Для Русской армии Великий Князь Николай Николаевич был прежде всего Верховным Главнокомандующим той Императорской Российской армии, от которой велось все ее родословие. Это был человек, стяжавший славу во время Великой Войны, всем известный и всеми уважаемый.

Для русских воинов, так же как и мы, сражавшихся с большевиками, но в рядах северных, западных, дальневосточных армий, преемственная власть, воспринятая генералом Врангелем от Корнилова и Колчака, была понятием слишком абстрактным. Его личное влияние могло распространяться на круг его соратников, перенесших с ним всю тяжелую борьбу и не оставленных им в моменты тягчайших испытаний.

Имя же Великого Князя было известно не только всем без исключения воинам, рассеянным по лицу чужой земли, но и миллионам русских солдат, сражавшихся в Великую Войну и находящихся ныне в пределах России. Великий Князь не принимал участия в гражданской войне; он не являлся «стороною» в том споре, который происходил между белыми и красными. Поскольку генерал Врангель мог считаться в их глазах представителем «карающей» белой руки, постольку Великий Князь Николай Николаевич оказывался только представителем национальной армии.

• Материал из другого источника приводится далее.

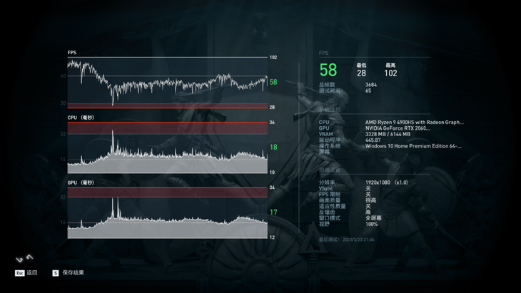另外我们还引入了四款非光追游戏的测试,来看看 ROG 幻 14 在游戏中的表现究竟如何。四款游戏均在 FHD 分辨率、高画质下进行测试,其中《刺客信条》和《战争机器5》的画面帧率在 60fps 左右,《全境封锁》平均帧数为 70fps,《极限竞速:地平线4》的帧数则达到了 96fps。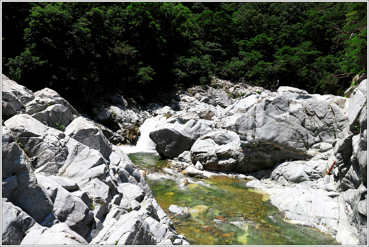 ▼ 북천의 넓이나 바위의 상태를 보니 엄청난 계곡의 천(川) 임을 알 수가 있다. 신선봉 북쪽의 마산봉과 왼쪽 향로봉 사이의 즉, 진부령 아래에서 시작되어 간성읍 쪽으로 해서 동해안으로, 남에서 북쪽 방향으로 흐르는 계곡물이다.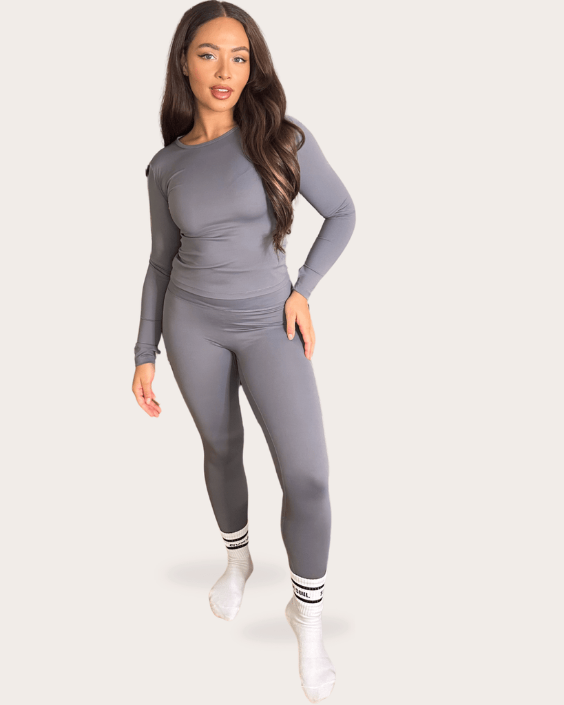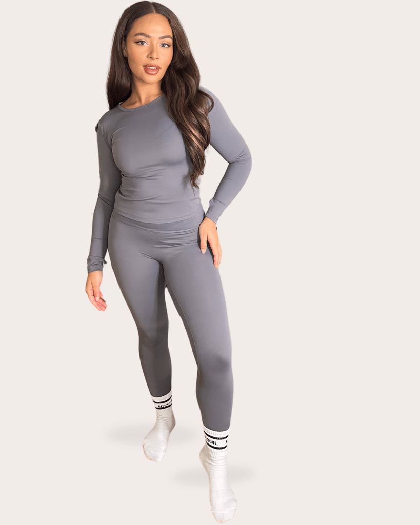 Ensemble de gym bleu côtelé sans couture à manches courtes et ourlet plongeant

Не могло быть сомнения, что в смысле международного значения – Верховный Главнокомандующий Российской Императорской армии имел тоже большие преимущества. Для многих иностранцев, для которых Россия кончилась с момента выхода из Великой Войны и дальнейшая ее история представлялась, как частные антрепризы отдельных генералов, – для них во главе антибольшевистского движения становился тот, кто рука об руку с главнокомандующими союзных армий бился за общее дело.

Но выступление Великого Князя имело еще одно большое значение в смысле внутренней русской политики. Великий Князь Николай Николаевич удачно соединял в себе Верховного Главнокомандующего и старейшего по годам члена Императорской Фамилии. Для монархического чувства был прекрасный выход. Создавалось то положение, которое так блестяще было использовано немцами в факте избрания фельдмаршала Гинденбурга президентом Германской республики. Великий Князь не должен был объявлять монархические лозунги, как гарантию своих монархических убеждений: Великий Князь по своему происхождению, по своему прошлому и своему настоящему мог объединить вокруг армии национально мыслящие русские круги, в главной своей массе монархические.

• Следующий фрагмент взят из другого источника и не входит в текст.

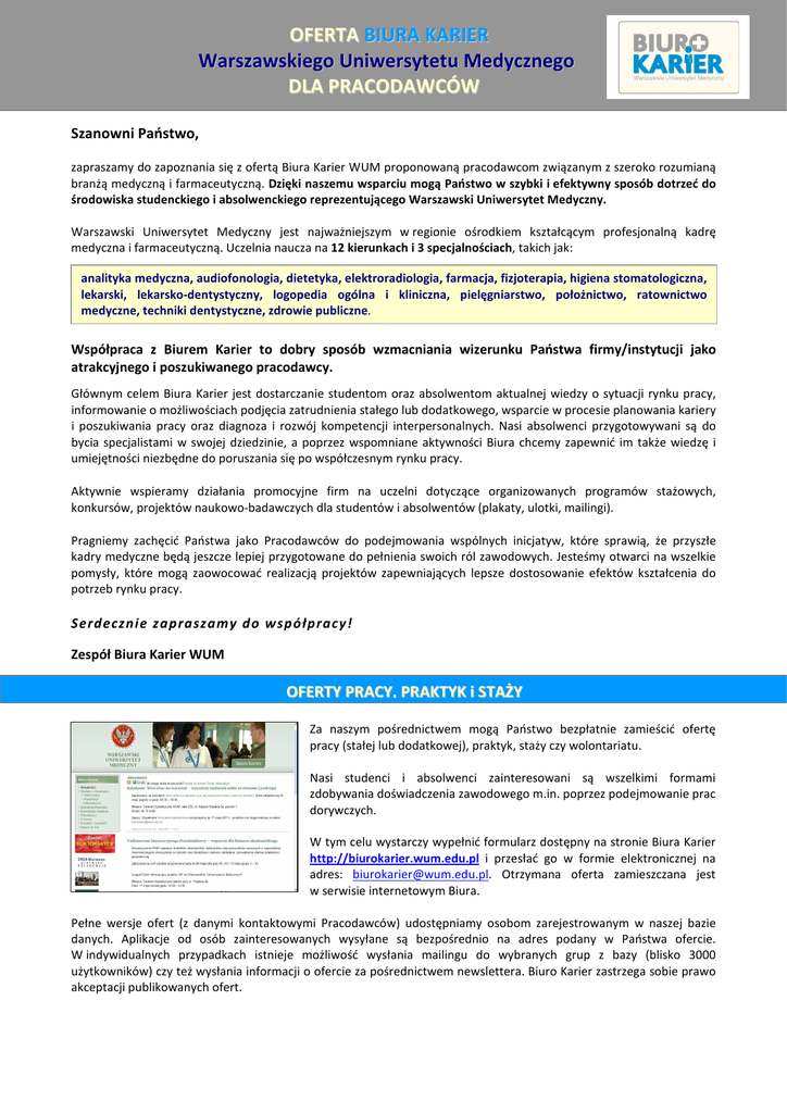 OFERTA BIURA KARIER Warszawskiego Uniwersytetu Medycznego DLA PRACODAWCÓW Szanowni Państwo, zapraszamy do zapoznania się z ofertą Biura Karier WUM proponowaną pracodawcom związanym z szeroko rozumianą branżą medyczną i farmaceutyczną. Dzięki naszemu wsparciu mogą Państwo w szybki i efektywny sposób dotrzeć do środowiska studenckiego i absolwenckiego reprezentującego Warszawski Uniwersytet Medyczny. Warszawski Uniwersytet Medyczny jest najważniejszym w regionie ośrodkiem kształcącym profesjonalną kadrę medyczna i farmaceutyczną. Uczelnia naucza na 12 kierunkach i 3 specjalnościach, takich jak: analityka medyczna, audiofonologia, dietetyka, elektroradiologia, farmacja, fizjoterapia, higiena stomatologiczna, lekarski, lekarsko-dentystyczny, logopedia ogólna i kliniczna, pielęgniarstwo, położnictwo, ratownictwo medyczne, techniki dentystyczne, zdrowie publiczne. Współpraca z Biurem Karier to dobry sposób wzmacniania wizerunku Państwa firmy/instytucji jako atrakcyjnego i poszukiwanego pracodawcy. Głównym celem Biura Karier jest dostarczanie studentom oraz absolwentom aktualnej wiedzy o sytuacji rynku pracy, informowanie o możliwościach podjęcia zatrudnienia stałego lub dodatkowego, wsparcie w procesie planowania kariery i poszukiwania pracy oraz diagnoza i rozwój kompetencji interpersonalnych. Nasi absolwenci przygotowywani są do bycia specjalistami w swojej dziedzinie, a poprzez wspomniane aktywności Biura chcemy zapewnić im także wiedzę i umiejętności niezbędne do poruszania się po współczesnym rynku pracy. Aktywnie wspieramy działania promocyjne firm na uczelni dotyczące organizowanych programów stażowych, konkursów, projektów naukowo-badawczych dla studentów i absolwentów (plakaty, ulotki, mailingi). Pragniemy zachęcić Państwa jako Pracodawców do podejmowania wspólnych inicjatyw, które sprawią, że przyszłe kadry medyczne będą jeszcze lepiej przygotowane do pełnienia swoich ról zawodowych. Jesteśmy otwarci na wszelkie pomysły, które mogą zaowocować realizacją projektów zapewniających lepsze dostosowanie efektów kształcenia do potrzeb rynku pracy. Serdecznie zapraszamy do współpracy! Zespół Biura Karier WUM OFERTY PRACY, PRAKTYK i STAŻY Za naszym pośrednictwem mogą Państwo bezpłatnie zamieścić ofertę pracy (stałej lub dodatkowej), praktyk, staży czy wolontariatu. Nasi studenci i absolwenci zainteresowani są wszelkimi formami zdobywania doświadczenia zawodowego m.in. poprzez podejmowanie prac dorywczych. W tym celu wystarczy wypełnić formularz dostępny na stronie Biura Karier http://biurokarier.wum.edu.pl i przesłać go w formie elektronicznej na adres: [email protected]. Otrzymana oferta zamieszczana jest w serwisie internetowym Biura. Pełne wersje ofert (z danymi kontaktowymi Pracodawców) udostępniamy osobom zarejestrowanym w naszej bazie danych. Aplikacje od osób zainteresowanych wysyłane są bezpośrednio na adres podany w Państwa ofercie. W indywidualnych przypadkach istnieje możliwość wysłania mailingu do wybranych grup z bazy (blisko 3000 użytkowników) czy też wysłania informacji o ofercie za pośrednictwem newslettera. Biuro Karier zastrzega sobie prawo akceptacji publikowanych ofert. SPOTKANIA Z PRACODAWCAMI NA UCZELNI Zachęcamy Państwa także do skorzystania z szansy bezpośredniego kontaktu ze studentami lub absolwentami. To znakomita forma przybliżenia samej firmy/instytucji, oferowanych ścieżek dla rozwoju i kariery czy zasad oraz form rekrutacji – co jest szczególnie interesujące dla osób rozpoczynających drogę zawodową. Dzięki takim spotkaniom mogą Państwo bliżej poznać potencjalnych przyszłych pracowników. Największym zainteresowaniem cieszą się spotkanie zawierające elementy szkoleniowowarsztatowe czy też praktyczne przedstawienie pracy w danym zawodzie i do przyjęcia takiej formuły szczególnie Państwa zachęcamy. Oczywiście spotkanie może również skupiać się wokół rekrutacji do pracy / projektu / na praktyki. Ze swojej strony zapewniamy pomoc w organizacji spotkania oraz promocję wydarzenia w środowisku akademickim. W listopadzie 2011 roku odbyły się Jesienne Spotkania z Medycznym Rynkiem Pracy, podczas których gościliśmy przedstawicieli 18 instytucji, firm oraz organizacji reprezentujących branżę medyczną i farmaceutyczną. Na jesieni 2012 roku zorganizowaliśmy II edycję Spotkań – studenci ponownie mieli okazję uczestniczyć w 18 spotkaniach dotyczących różnorodnych propozycji rozwoju zawodowo-edukacyjnego dla studentów i absolwentów Warszawskiego Uniwersytetu Medycznego. http://spotkania-medyczne.wum.edu.pl/ MEDYCZNE TARGI PRACY Medyczne Targi Pracy to największa tego typu impreza odbywająca się na uczelniach medycznych w Polsce. Zorganizowaliśmy już 6 edycji targów – cieszących się zawsze dużym zainteresowaniem, zarówno ze strony wystawców, jak i samych odwiedzających. To wyjątkowa okazja do spotkania w jednym miejscu przedstawicieli szerokiego spektrum pracodawców związanych z branżą medyczną i farmaceutyczną. Są wśród nich reprezentanci zarówno szpitali publicznych, prywatnych centrów medycznych, firm farmaceutycznych, jednostek badawczych (klinicznych), instytucji publicznych związanych z ochroną zdrowia, aptek oraz firm zajmujących się rekrutacją personelu medycznego. Szczegóły dotyczące poprzednich edycji dostępne są w internetowym serwisie targów: http://mtp.wum.edu.pl W zorganizowanych przez nas imprezach targowych uczestniczyli m.in.: ACP Pharma, Apteki Na Zdrowie, A-Team Recruitment, Boiron, Carolina Medical Center, Centrum Zdrowia Dziecka, Dantex-Med., Dr Max Apteka, Enel Med., EMC Instytut Medyczny, Geers, GlaxoSmithKline, Instytut Żywności i Żywienia, KCR, KRKA, LUX MED, Medicover, Medycyna Rodzinna, Narodowy Fundusz Zdrowia, NES Healthcare, Osteomed, Pfizer, Pliva (obecnie Teva), Polfa Grodzisk, Polfa Tarchomin, Polpharma, Promedis, Servier, Urz

Три года звал генерал Врангель русских людей объединиться вокруг армии. Вместо этого вокруг армии завязалась политическая борьба. В центре этой борьбы стояла армия, сплоченная, как всегда, «верная до конца», импонирующая своей преданностью, но в этих условиях политической борьбы терявшая свое значение государственного центра. Из «Русской армии» она превращалась в преданную своему вождю – «врангелевскую армию», против чего все время боролся Главнокомандующий. Надо было вернуть ей подобающее значение, надо было создать живую связь не только между соратниками по Крыму, но между всеми воинами, рассеянными в изгнании.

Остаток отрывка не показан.